Il s'agit là, à mon sens, d'un élément nécessaire du lien de
subordination et du devoir de loyauté à l'entreprise. En
s'embauchant auprès d'une entreprise, un employé accepte
implicitement de partager une communauté d'intérêts. S'il lui arrive
de devoir choisir entre la loyauté à cette communauté et la loyauté à
des personnes qui ont transgressé les règles de conduite du milieu
de travail, il doit supporter les conséquences du choix qu'il fait2"
...4
[52] Ainsi que les auteurs [note 1] le soulignent, au paragraphe 14.003 de
l'ouvrage, “l'intensité de l'obligation de loyauté augmente avec le niveau de
responsabilités rattachées à un poste”. En l'espèce, j'estime que Maxime Nguyen
ne s'est pas dissocié du comportement fautif du chauffeur Michel Champagne,
en donnant à croire que le camion avait glissé, alors que la preuve
photographique [E-5] contredit cette hypothèse.
[53] Dans l'ouvrage de doctrine invoqué par l'employeur [note 1], les auteurs font
état de plusieurs situations où des sanctions disciplinaires relativement sévères
ont été retenues par les tribunaux d'arbitrage.
[54] À la différence de certaines situations examinées par ces tribunaux -dont
l'affaire Dubord et Rainville Inc. [note 2], qui m'était soumise- le plaignant n'a joué
aucun rôle actif dans l'incident du 3 décembre 2013: il a été témoin passif des
évènements, s'il était éveillé, ou il n'en a rien perçu, s'il était endormi et qu'il a fait
un saut, lors de l'impact contre les blocs de béton.

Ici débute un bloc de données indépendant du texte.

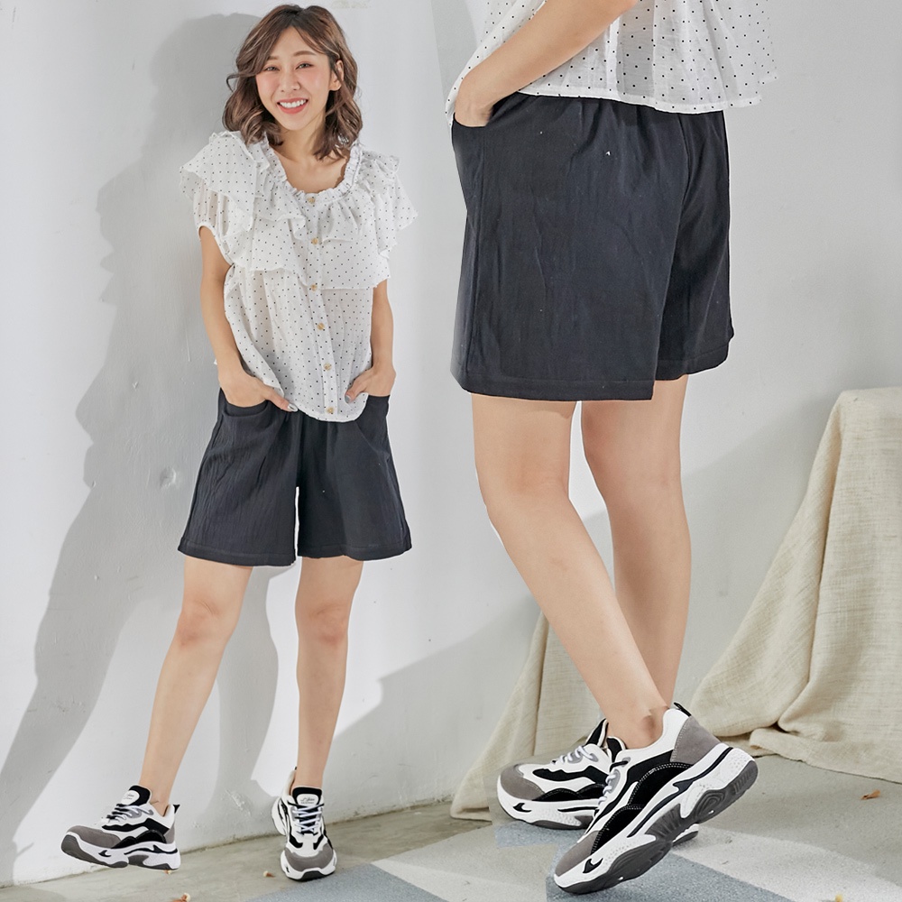 【Wonderland】嚴選天然日本涼爽水洗棉短褲(黑)(XL)

[55] Il reste qu'en prétendant que le camion avait glissé, alors qu'une preuve
prépondérante manifeste le contraire, le plaignant a manqué à son obligation de
loyauté à l'égard de l'employeur.
[56] Dans les circonstances, la sanction d'une (1) journée de suspension était
juste et raisonnable; elle était également appropriée, pour inviter M. Nguyen à
une collaboration franche, si des circonstances analogues devaient se
reproduire.
[57] Pour l'ensemble des motifs exprimés, le grief est rejeté.
ANDRÉ ROUSSEAU, ARBITRE
Mad. Camille Dagenais, pour le syndicat
Me Nicole Forget, pour l'employeur
4. Supra, note 1; la citation est tirée de la sentence rendue par le soussigné, dans l'affaire Hôpital
Maisonneuve-Rosemont, supra, note 3.